— What you have to do —
In the listing that follows, the lines starting at the one containing "French portrait engraving" and ending at the one containing "frosted seedhead of" are to be returned exactly, both boundary lines included, and no others.

— Information —
■ ■ ■ ■

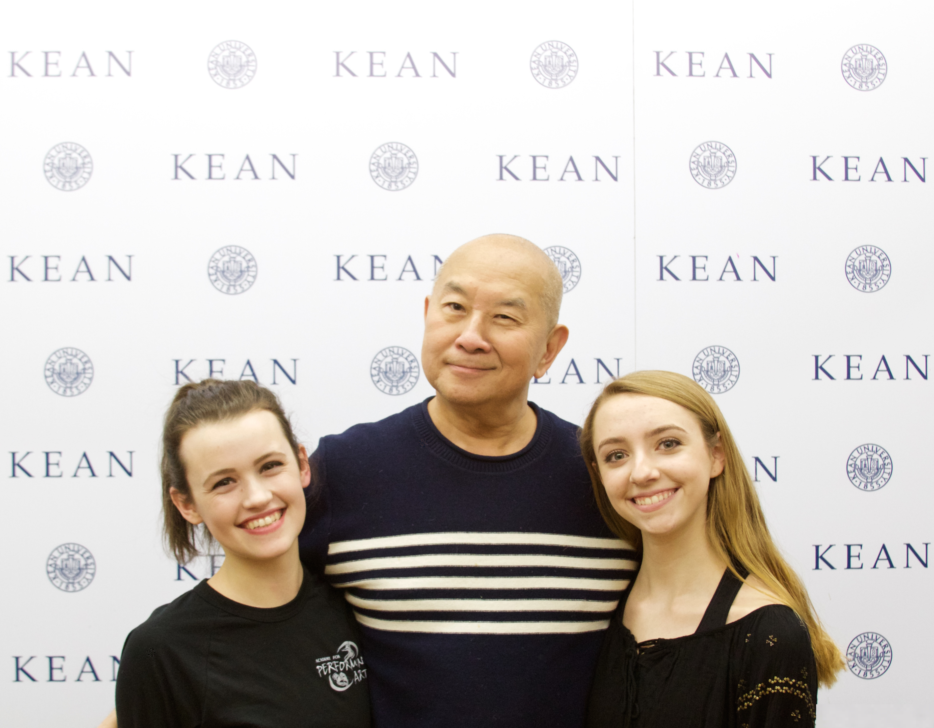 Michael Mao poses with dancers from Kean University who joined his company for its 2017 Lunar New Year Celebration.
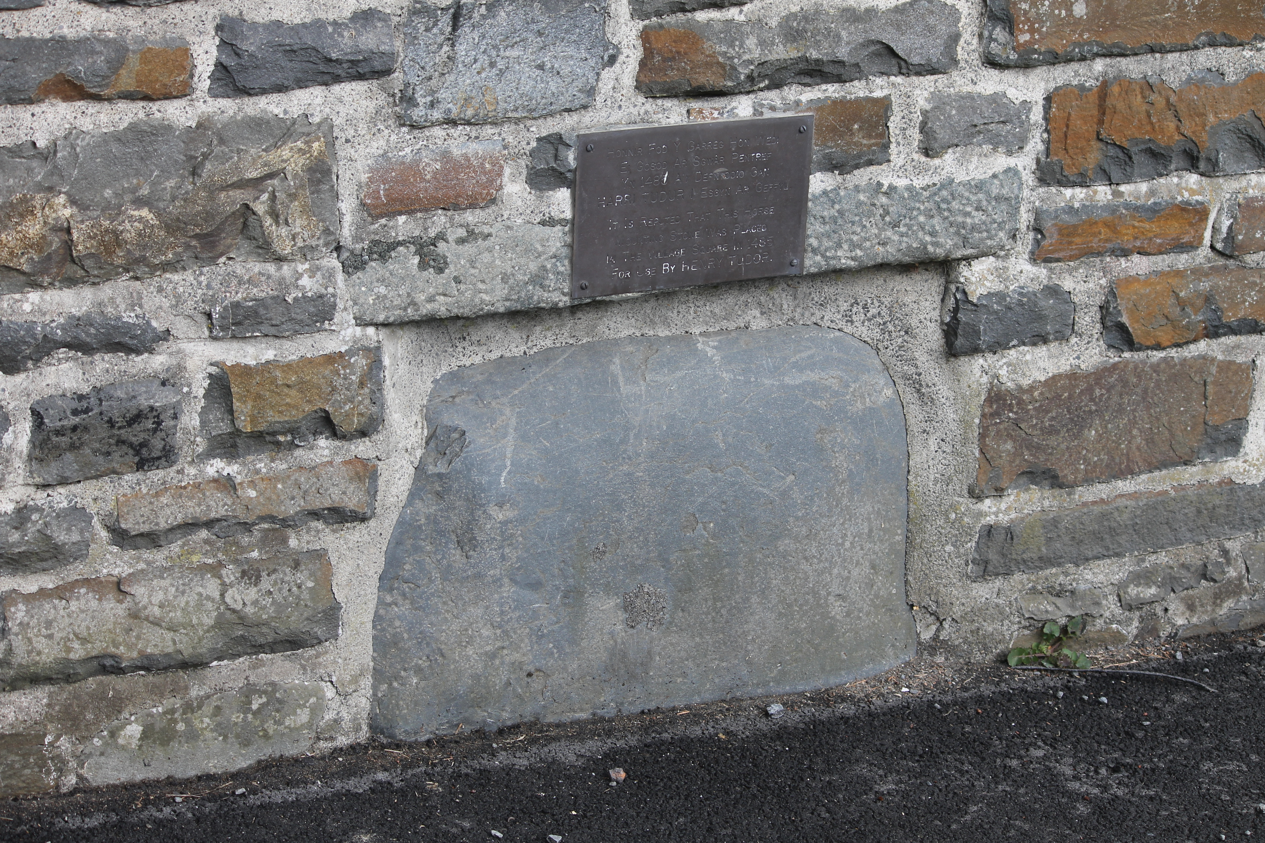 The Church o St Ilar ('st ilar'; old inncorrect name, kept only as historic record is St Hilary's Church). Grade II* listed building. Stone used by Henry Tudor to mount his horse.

■ ■ ■ ■

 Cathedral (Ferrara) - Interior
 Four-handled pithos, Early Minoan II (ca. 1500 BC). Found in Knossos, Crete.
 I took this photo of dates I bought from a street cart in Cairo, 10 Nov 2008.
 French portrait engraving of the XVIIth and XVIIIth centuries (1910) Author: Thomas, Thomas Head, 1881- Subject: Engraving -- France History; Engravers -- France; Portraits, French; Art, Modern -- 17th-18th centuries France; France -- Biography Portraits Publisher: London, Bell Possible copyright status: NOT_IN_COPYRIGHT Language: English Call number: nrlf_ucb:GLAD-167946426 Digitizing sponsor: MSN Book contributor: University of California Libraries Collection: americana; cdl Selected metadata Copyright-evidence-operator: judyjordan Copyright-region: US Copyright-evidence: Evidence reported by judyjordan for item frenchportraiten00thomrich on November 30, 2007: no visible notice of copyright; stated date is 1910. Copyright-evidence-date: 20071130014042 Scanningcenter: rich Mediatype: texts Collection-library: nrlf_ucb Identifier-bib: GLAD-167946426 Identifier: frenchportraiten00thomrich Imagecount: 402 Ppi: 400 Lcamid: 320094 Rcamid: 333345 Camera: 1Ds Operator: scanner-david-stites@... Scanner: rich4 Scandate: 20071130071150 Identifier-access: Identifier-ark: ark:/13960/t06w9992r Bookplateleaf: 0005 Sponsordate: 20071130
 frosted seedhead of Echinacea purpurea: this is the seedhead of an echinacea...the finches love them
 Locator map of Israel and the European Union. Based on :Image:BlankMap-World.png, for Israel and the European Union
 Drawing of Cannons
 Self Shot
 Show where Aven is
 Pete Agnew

■ ■ ■ ■

— Task solution —
 French portrait engraving of the XVIIth and XVIIIth centuries (1910) Author: Thomas, Thomas Head, 1881- Subject: Engraving -- France History; Engravers -- France; Portraits, French; Art, Modern -- 17th-18th centuries France; France -- Biography Portraits Publisher: London, Bell Possible copyright status: NOT_IN_COPYRIGHT Language: English Call number: nrlf_ucb:GLAD-167946426 Digitizing sponsor: MSN Book contributor: University of California Libraries Collection: americana; cdl Selected metadata Copyright-evidence-operator: judyjordan Copyright-region: US Copyright-evidence: Evidence reported by judyjordan for item frenchportraiten00thomrich on November 30, 2007: no visible notice of copyright; stated date is 1910. Copyright-evidence-date: 20071130014042 Scanningcenter: rich Mediatype: texts Collection-library: nrlf_ucb Identifier-bib: GLAD-167946426 Identifier: frenchportraiten00thomrich Imagecount: 402 Ppi: 400 Lcamid: 320094 Rcamid: 333345 Camera: 1Ds Operator: scanner-david-stites@... Scanner: rich4 Scandate: 20071130071150 Identifier-access: Identifier-ark: ark:/13960/t06w9992r Bookplateleaf: 0005 Sponsordate: 20071130
 frosted seedhead of Echinacea purpurea: this is the seedhead of an echinacea...the finches love them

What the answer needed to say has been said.